The two men spent more than 1000 days in Chinese custody after being seized just days after Huawei finance chief Meng Wanzhou was arrested in Vancouver. She was last week given a VIP welcome back to China after admitting she deceived lenders on Huawei’s breach of sanctions against Iran, in return for charges against her effectively being dropped.
The Canadians were both put on trial in March. In August, Spavor was sentenced to 11 years in prison, while there had been no decision for Kovrig.
Two Australian citizens of Chinese ethnicity remain in custody there, however. Yang Hengjun was arrested in January 2019 and Cheng Lei, a journalist, was detained in August 2020.
Meanwhile, the Covid-19 commission affiliated with the Lancet scientific journals was disbanded this week because of its association with Daszak and the EcoAlliance, which sponsored US-funded virus research at Wuhan.
History’s verdict
Trump and Pompeo may feel vindicated by history if the Wuhan affair is ever resolved.
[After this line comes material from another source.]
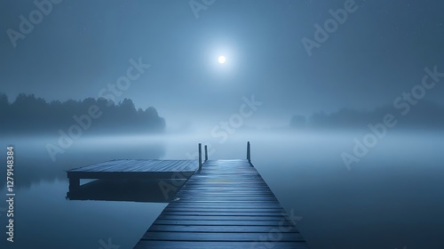 © Tcukimay, Naklejka premium Serene moonlit night scene with a wooden dock extending into a misty lake.

Another delayed controversy – special counsel John Durham’s probe into Hillary Clinton’s campaign claims of links between the Trump Organisation and a Russian bank – found decidedly in Trump’s favour.
Trump had pressed for this report to be completed before last year’s election date. However, it didn’t surface until September 16, with Durham indicting Clinton lawyer Michael Sussman for making false statements to the FBI.
The verdict on Trump’s abuse of power, abundantly presented by Leonnig and Rucker in forensic detail, will be more immediate. Their final chapters on the Trump campaign’s management, the false claims of election fraud, the insurrection against Congressional approval and rampage through the Capitol building on January 6, 2021, and the unprecedented breaches of protocol in the handover, are searing in their condemnation.
Only a person not interested in reading books would grant several hours to writers who have described these actions as “catastrophic”. Their book falls somewhere between Michael Wolff’s fanciful account, Landslide: The Final Days of the Trump Presidency, and Bob Woodward’s Peril (co-written with another Post journalist, Robert Costa), the final in a trilogy on the Trump years.
Woodward (with Carl Bernstein) pioneered the “trust me” use of anonymous sources to recreate fly-on-the-wall conversations. Some 200 “insiders” were interviewed for Peril. Leonnig and Rucker interviewed 140, most of them on the record and many revealing new material. They note where their version of conversations and events are challenged by participants. How historians judge the veracity of these accounts remains in the future.
I Alone Can Fix It: Donald J Trump’s catastrophic final year, by Carol Leonnig and Philip Rucker (Bloomsbury)
Nevil Gibson is a former editor at large for NBR. He has contributed film and book reviews to various publications.